The girls and I have finally finished writing our song for the assignment and it turned out really good. We still have two more sessions before we have to turn our song in so we actually decided to start another, but it's just for fun so we weren't exactly going to perform it in front of anyone.

We're supposed to perform our first song in two days and we've already started to freak when we finished it. We still have our hopes up for getting picked to record next year.

I grab my backpack and quickly head out the door, beating Ally who's still in the shower. She'll never make it on time.

I speed down the stairs then feel myself getting pushed down from behind me and close my eyes, preparing to fall head first down the stairs and feel the cold, hard ground against my skin. But the thing is that I don't. Just before I fall, I feel a pair of strong arms catch me, preventing me from falling. I open my eyes to see who it is and my eyes meet the chocolate brown eyes that make me feel like the weakest creature on earth. My heartbeat gets faster as I swallow the lump in my throat. What the hell is happening to me?

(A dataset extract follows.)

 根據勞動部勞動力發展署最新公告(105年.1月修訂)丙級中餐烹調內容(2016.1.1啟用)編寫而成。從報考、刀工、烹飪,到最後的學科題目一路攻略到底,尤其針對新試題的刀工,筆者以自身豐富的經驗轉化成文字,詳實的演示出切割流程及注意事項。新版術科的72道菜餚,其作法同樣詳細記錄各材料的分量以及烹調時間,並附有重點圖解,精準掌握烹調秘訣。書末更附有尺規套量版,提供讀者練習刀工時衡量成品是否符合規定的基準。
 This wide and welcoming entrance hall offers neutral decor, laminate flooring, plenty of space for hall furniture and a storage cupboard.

"Are you okay?" His delicate voice says. I blink a few times before nodding. "Th-thanks." I mumble. I straighten my posture and step away from him. I briefly look into his eyes and I think I see a look of hurt in them. He looks away quickly and I look up to the stairs to see who pushed and I'm not surprised to see Ariana standing right in the spot I stood in before I almost fell. I can't exactly read the expression on her face.

I look back at Shawn and notice him stealing a little glance at me. He pretends to be looking somewhere else and I tuck a stray curl of my hair behind my ear. I suddenly feel my eyes getting a little cloudy and I take a deep breath and quickly turn around and run as fast as I can outside the building.

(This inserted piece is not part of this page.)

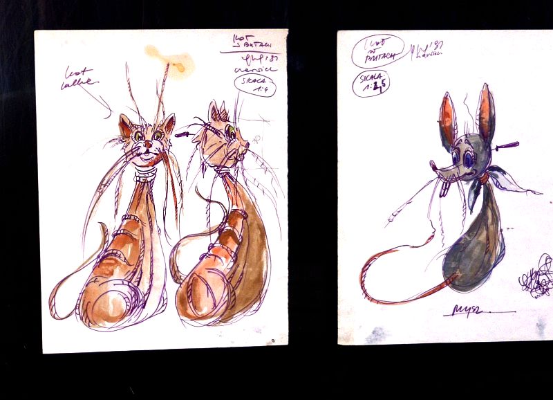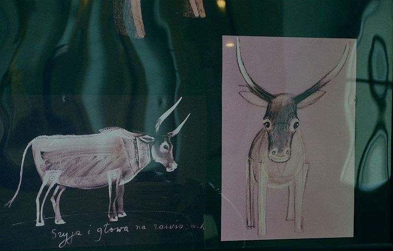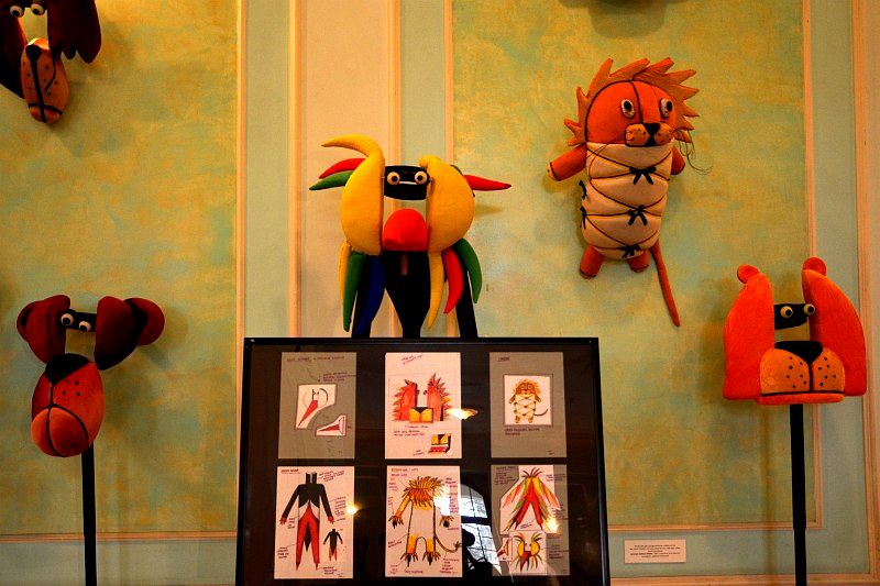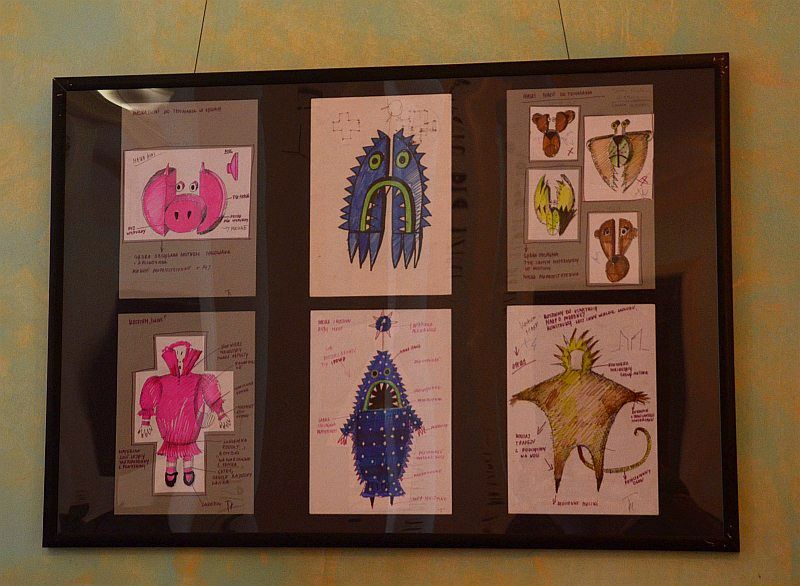 Na ścianach, powyżej lalek, umieszczono szkice projektów. Dla małych dzieci, które licznie przybyły na otwarcie wystawy może na czytanie za wcześnie, ale starszym widzom szczególnie polecam lekturę tych rysunków i opisów. Patrząc na szkic i ostateczne dzieło, czytając zamysł projektanta i uzyskany efekt nie mogłam oprzeć się wrażeniu, że mamy do czynienia z magią. Że za dotknięciem czarodziejskiej różdżki dwuwymiarowe postaci spłynęły z kartek papieru i wmieszały się w grupy zwiedzających dzieci.

I approach the school building campus and stand in my place for a moment, looking for a familiar face in this ocean of people to run to. I feel a tear slip down my cheek and quickly wipe it then jog down the hall to the girls bathroom that nobody ever uses. I push the door open and go inside. I throw my backpack near the sink before collapsing down the ceramic wall and hugging my knees up to my chest. I feel tears flowing from my eyes like a waterfall as I bury my face in my knees. What the hell is going on with me? Since when did I become this weak? Just the fact that he spoke to me made me freak out like hell! Could I possibly...? No! I couldn't! I just couldn't! 

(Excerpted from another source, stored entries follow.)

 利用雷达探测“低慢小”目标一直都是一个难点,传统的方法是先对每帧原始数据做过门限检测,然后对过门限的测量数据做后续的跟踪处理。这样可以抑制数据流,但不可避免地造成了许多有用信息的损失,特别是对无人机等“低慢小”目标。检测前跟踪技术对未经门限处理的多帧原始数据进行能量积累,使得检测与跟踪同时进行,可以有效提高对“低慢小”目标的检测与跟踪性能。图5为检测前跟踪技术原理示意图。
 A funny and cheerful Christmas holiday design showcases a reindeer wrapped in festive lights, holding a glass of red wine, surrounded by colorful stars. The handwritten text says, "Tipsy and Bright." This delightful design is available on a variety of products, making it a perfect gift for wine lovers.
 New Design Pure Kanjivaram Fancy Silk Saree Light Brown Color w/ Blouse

I don't know how the hell I'm supposed to function properly if I keep having these suddenly meltdowns every time I even just look at Shawn! I'm beginning to rethink that I actually even have any feelings for Austin at all. 

The bathroom door opens and I hear someone come in. "Camila?" Lauren's voice says worriedly. "Oh my god! Are you okay? I came running as soon as I saw you taking off down the hall." She sits next me on the floor and puts her hand around my shoulder. I never thought I'd ever say that but I'm really glad that she's here.

I take my head off my knees and hug her tightly, burying my face in her neck. "I don't know what's happening to me. I've never felt this weak before. Especially for him. I just don't know how or what to feel anymore." I say, my voice cracking. "Shh, it's okay. Don't cry because it won't make you feel any better." Lauren says then pulls away from me but still keeps her hands on my shoulder. "You're much stronger than this, I know so. I need you to find the courage inside to break through. You don't cry, Camila. I know you better than this. I may have not been the sweetest to you but I've been around you long enough to notice how strong you are." I'm glad she chose not question why I'm crying because I don't intend on telling anyone about this.